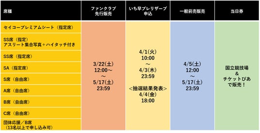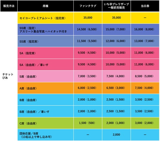 ※セイコープレミアムシート、SS席、SA席、S席、A席の購入でB席・C席での観戦が可能です。
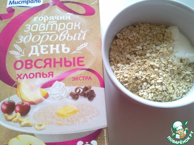 Овсяные хлопья экстра ТМ "Мистраль" залить йогуртом и перемешать. Йогурта должно быть столько, чтобы хлопья пропитались и не было сухих комочков, но и больше заливать не нужно, чтобы не получился жидкий фарш. Оставить на 20 минут, чтобы хлопья набухли.
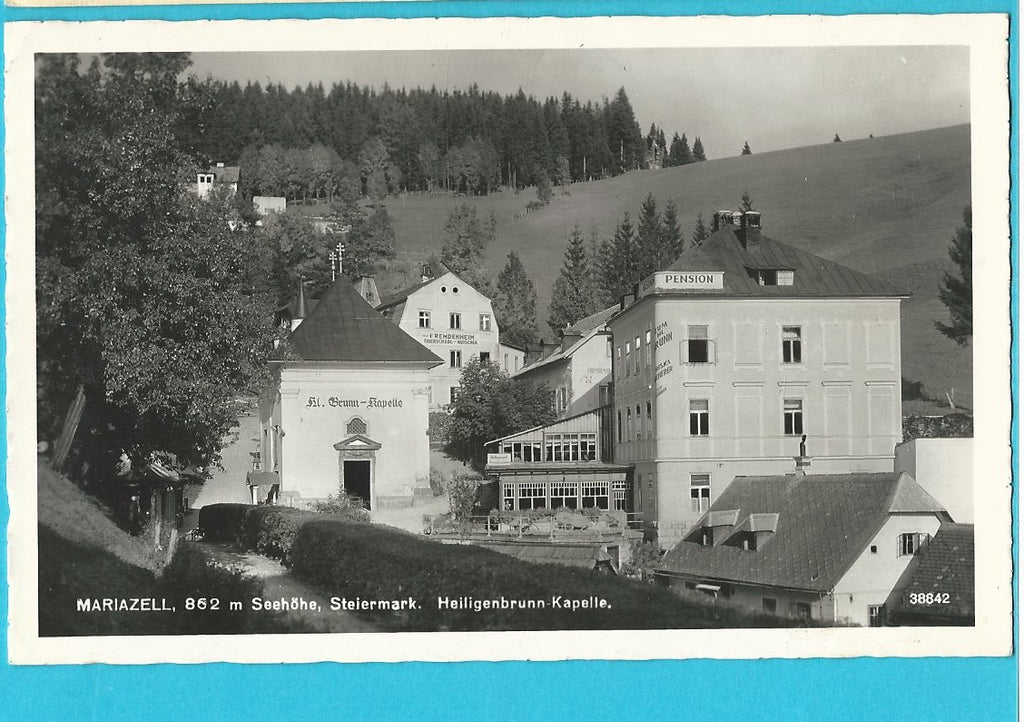 AK Mariazell. Heiligenbrunn Kapelle. Gelaufen. Kleinformat. Verlag: Ledermann. Nummeriert: 38842. Zustand: gut, linkes oberes Eck angeknickt.
________________________
__Work order__: The material above should be returned exactly, without pictures.

__Solution to this task__:
 ※セイコープレミアムシート、SS席、SA席、S席、A席の購入でB席・C席での観戦が可能です。
 Овсяные хлопья экстра ТМ "Мистраль" залить йогуртом и перемешать. Йогурта должно быть столько, чтобы хлопья пропитались и не было сухих комочков, но и больше заливать не нужно, чтобы не получился жидкий фарш. Оставить на 20 минут, чтобы хлопья набухли.
 AK Mariazell. Heiligenbrunn Kapelle. Gelaufen. Kleinformat. Verlag: Ledermann. Nummeriert: 38842. Zustand: gut, linkes oberes Eck angeknickt.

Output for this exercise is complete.